An Empire of Stars: Forgotten history of the the British Space Programme - mbrubeck
http://lapsedhistorian.com/an-empire-of-stars/
======
dasmoth
This article implies that the codes for communicating with Prospero may still
be available:

    
    
           http://www.dailymail.co.uk/sciencetech/article-2034379/Quest-revive-space-relic-lost-1996--British-launched-satellite.html
    

Also, this blog post from 2012 says they haven't given up:

    
    
               https://web.archive.org/web/20121026003633/http://blogs.ucl.ac.uk/prospero-satellite/2012/04/04/long-overdue-update/
    

I can't find anything more recent -- but doesn't seem entirely hopeless.

------
chr15p
One of the major reasons for the cancellation of the space program was Britain
was at the same time developing Concorde (with the French).
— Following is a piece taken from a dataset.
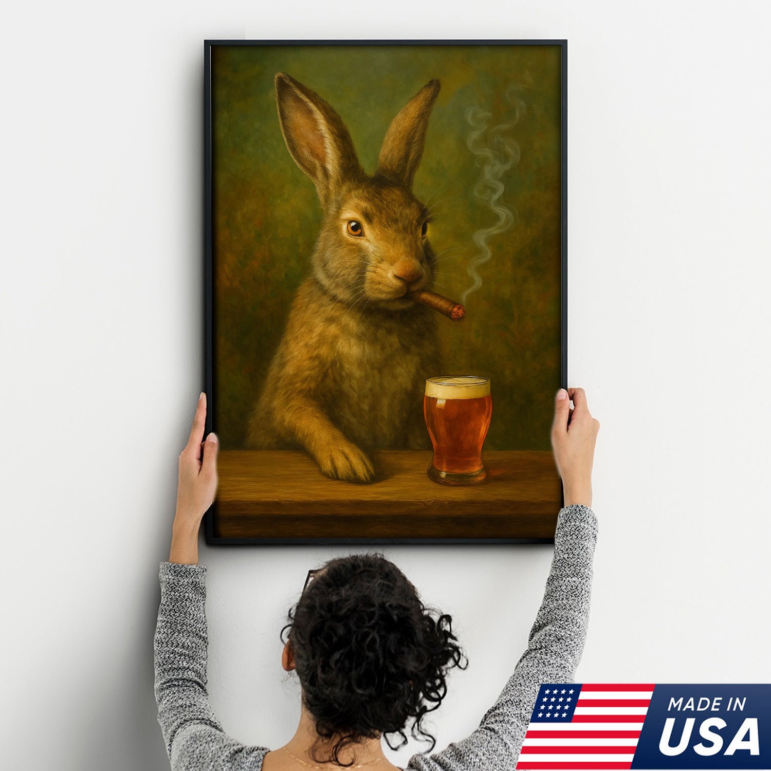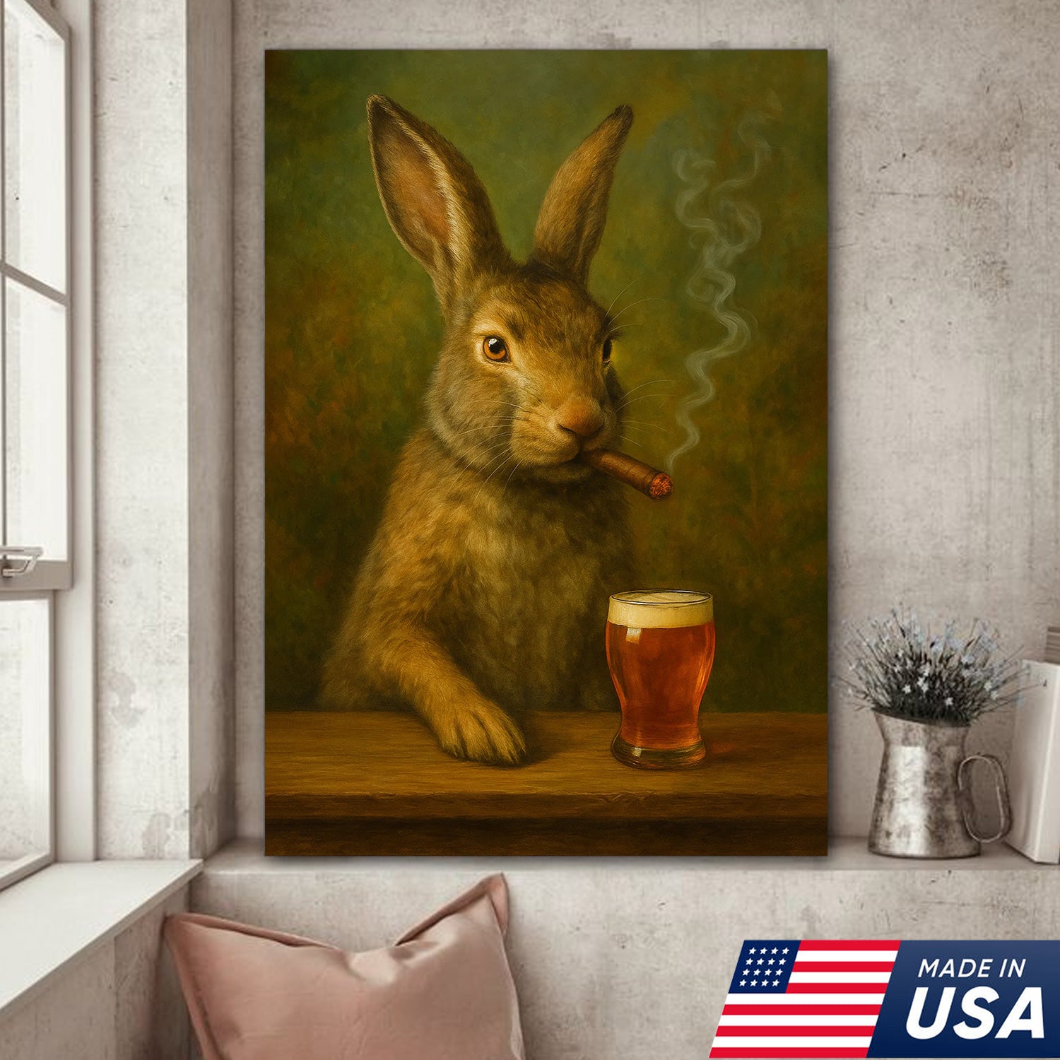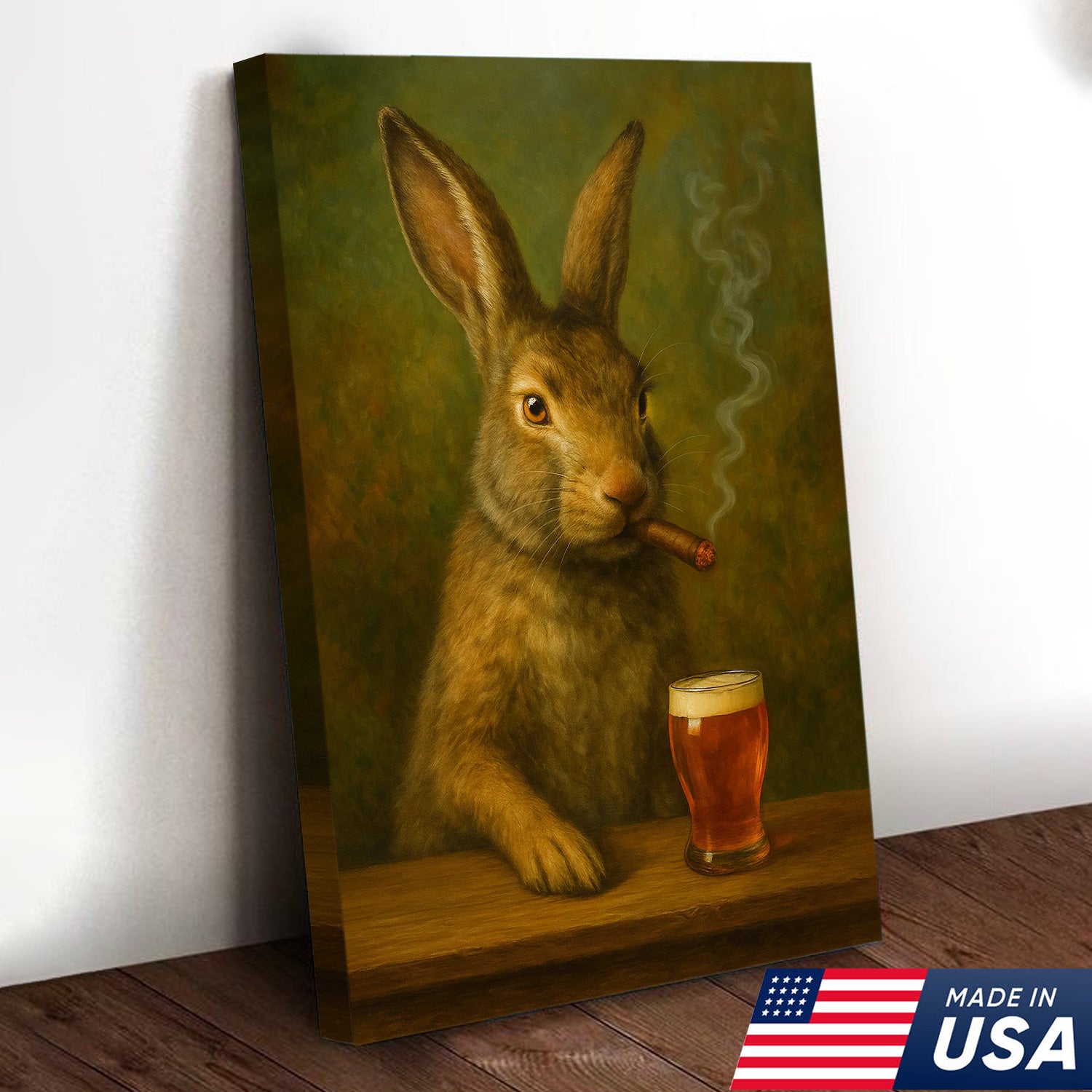 Funny Rabbit Smoking and Drinking Cocktail Glasses Canvas Wall Art – Rustic Cabin Decor

There was only
enough money for one of them and it was decided concorde was more likely to be
commercially successful.

Other people think concorde is an masterpice of engineering but I'd have
preferred the rockets.

On the other hand a lot of the research and technology went into the European
Space Agency so it wasn't a total waste.

------
jgalt212
There's a whole chapter on the last gasps of the British Space Program in the
book, Backrook Boys

[http://www.goodreads.com/book/show/1331484.Backroom_Boys](http://www.goodreads.com/book/show/1331484.Backroom_Boys)

------
erehweb
If you're interested in this topic, you may enjoy the alt-hist comic book
"Ministry of Space", set in a world where the UK space programme is much more
successful.